The Entrepreneur Roller Coaster - by Darren Hardy
ISBN: 0990798623Date read: 2015-08-01
How strongly I recommend it: 9/10
(See my list of 360+ books, for more.)
Go to the Amazon page for details and reviews.
Rar! My heart rate is racing as I tear through this riveting book. Darren captures and spreads the entrepreneurial spirit better than anyone I know. I've been a successful entrepreneur for 25 years but The Entrepreneur Roller Coaster just got me more excited and enlightened than I've been in a long time. You must read and USE this immediately!
my notes
It’s really hard, and you have to do it over a sustained period of time, so if you don’t love it, if you aren’t having fun doing it, and you don’t really love it, you’re going to give up.
If you don’t love it, you’re going to fail.
Elon Musk said that starting a company is like “staring into the abyss and eating glass.”
“Looking for my passion” is just an excuse in disguise. We use it to cover up for the fact that we’re not progressing, growing, and taking action in life.

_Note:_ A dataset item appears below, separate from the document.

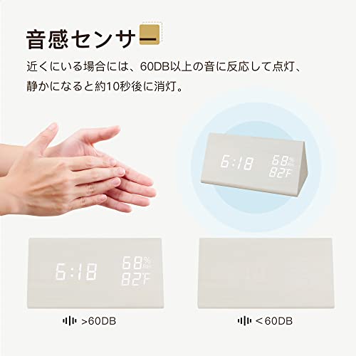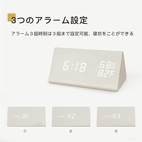 【多機能目覚まし時計】(1)12H/24H時間制数字とけい(2)温度計付き、温度単位選択可(?/[度])(3)湿度計付き(4)アラーム3組設定可能のクロック(平日のみ鳴り5日制アラーム/休日も鳴り7日制アラーム)(5)年月日付(交替的に表示)(6)LED明るさ調整可(自動も手動も調整可)(7)LED画面を閉めて音声制御モード付き(8)エコのUSB充電式(9)乾電池対応(緊急時間の補助機能)(10)メモリ記憶機能あり、7日間ぐらい電源

What about Bono, Branson, or Oprah? If you saw their schedules - the day in, day out demands they are under, and the pressure they shoulder - you wouldn’t think what they do 95 percent of the time is that great at all. The rest of their days are spent in endless meetings, negotiations, contract reviews, lawsuits, makeup chairs, rehearsals, travel, and transportation.
I don’t care what you do, it’s going to suck most of the time. Tell yourself, “This work is going to suck 95 percent of the time.”
I do not love what I do. But I sure as heck love why I do it. I am passionate about my mission of empowering entrepreneurs.
Bring passion to how you do even the most (seemingly) mundane tasks. I’ve seen mechanics, gardeners, toll takers, cab drivers, project managers, CPAs, lawyers, and CEOs execute the “hows” of their work with great passion and joy. Their passion was in the quality of the activity, the execution, and the outcome.
Refocus your mind and attention on who is being served by what you do, why and how you do it.
Being successful in business requires an emotional charge.
If that charge comes from your desire to right a wrong, fight the good fight, or seek justice, then it’s just as good as love and often even better.
Don’t get involved with functions that are not in your circle of competency or strength. It doesn’t do you any good, and it certainly won’t make your ride any easier.
If you’d rather be anywhere than doing your great work on a Saturday morning, then you’re probably doing the wrong thing or looking at it the wrong way.
A belief in inborn gifts and limits is much gentler on the psyche. The reason I’m not a great musician, leader, communicator, parent, spouse, athlete, salesperson, or whatever is because I’m not “wired” to be one. Thinking of talent as “innate” makes our world more manageable, more comfortable. It takes away the burden of expectation. It relieves people of distressing comparisons.
Define freak: a person who is obsessed with or unusually enthusiastic about a specified interest.
If one crab realizes there’s nothing keeping him in the trap and tries to leave, the other crabs will do anything they can to stop him. They will repeatedly pull him from the side of the cage.
What does success mean to me? Have you ever asked yourself the question? Have you actually written down your answer?
If I ever felt myself getting caught up in or brought down by what other people thought of me, whether or not they approved of what I was doing (or wearing), all I had to do is ask myself if they would be one of the ten people to cry at my funeral. Instantly their rejection would lose any power over my emotions.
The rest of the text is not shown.